Staatsanwaltschaft: Pastor Latzel ist Volksverhetzer


Während die Staatsanwaltschaft beim Bremer Pastor Olaf Latzel Volksverhetzung unter dem Deckmantel der Religionsfreiheit sieht, fordern die Verteidiger den Freispruch. Eins von zwei theologischen Gutachten wird für das Urteil nicht berücksichtigt.

katholisch.de

Die Staatsanwaltschaft Bremen fordert, an der Verurteilung des evangelischen Pastors Olaf Latzel (54) wegen Volksverhetzung festzuhalten.
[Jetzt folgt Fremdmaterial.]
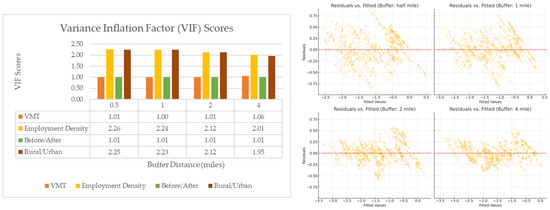 Table 2 displays the descriptive statistics of the dependent and explanatory variables. The descriptive statistics indicate that as the distance from the road network increases, development and employment density decrease. An OLS model was performed for each buffer distance to analyze the relationship between the road network and development activities further. To check the model reliability, we test the multicollinearity and heteroskedasticity. Figure 10 shows the VIF scores of variables and a plot of residual vs. fitted values. VIF scores for all the variables in all models are below 5, indicating no multicollinearity concern. Regarding heteroskedasticity, the plot of the residual vs. fitted values for the half-mile buffer reveals mild heteroskedasticity. However, with increasing buffer distance, the variance becomes more homogeneous.
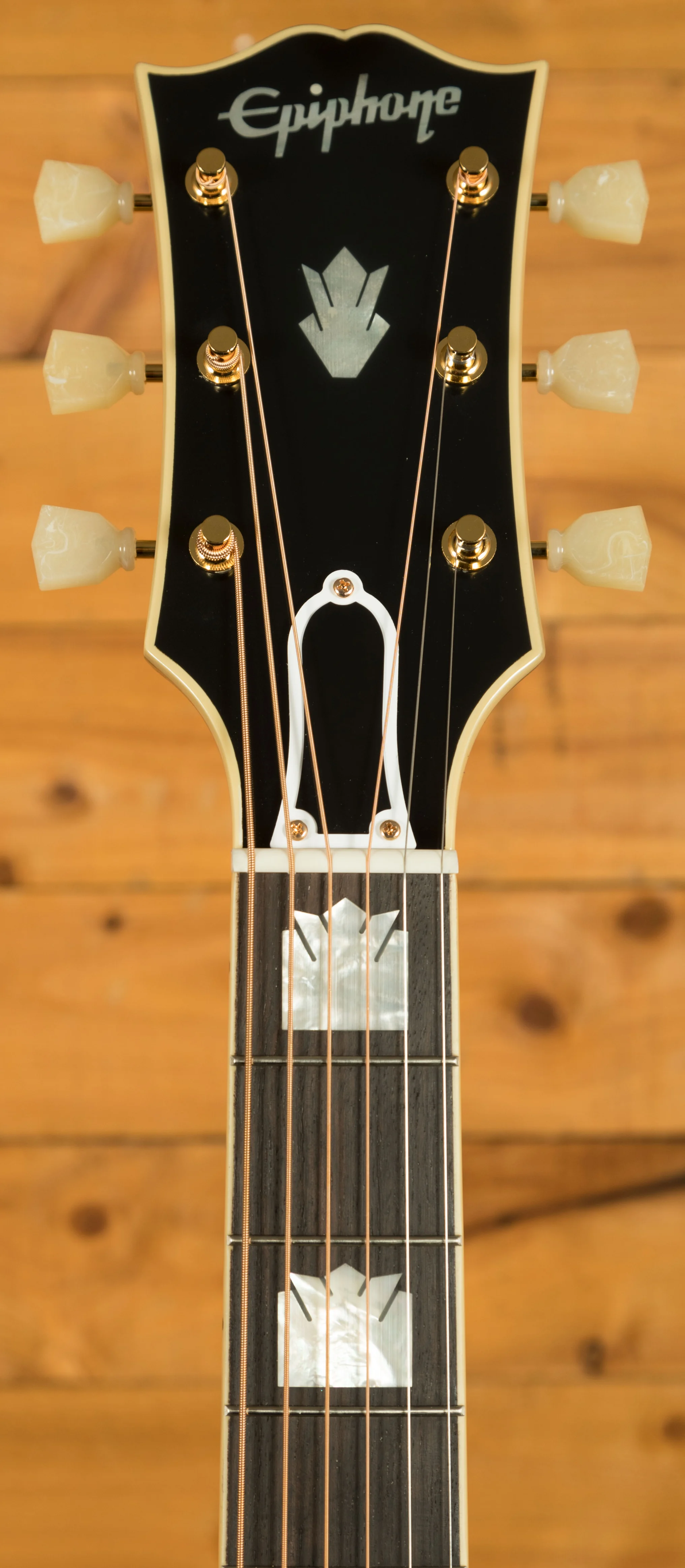 The Epiphone 1957 SJ-200 features a thermally aged solid sitka spruce top, alongside solid figured maple back and sides. Thanks to the all solid wood construction, these guitars vibrate more freely, producing a rich more dynamic tone. This guitar also features scalloped X-bracing, which further helps this guitar to deliver a strong, powerful sound

Der Geistliche habe Homosexuellen das Recht abgesprochen, am gesellschaftlichen Leben teilzuhaben und Teilnehmer des Christopher-Street-Days als Verbrecher bezeichnet, sagte Staatsanwältin Melina Lutz am Freitag im Berufungsprozess vor dem Landgericht der Hansestadt. Damit habe er sich bewusst unter dem Deckmantel der Religionsfreiheit volksverhetzerisch geäußert. Das Urteil der ersten Instanz sei fehlerfrei. Seine Reue nehme sie Latzel nicht ab, so Lutz.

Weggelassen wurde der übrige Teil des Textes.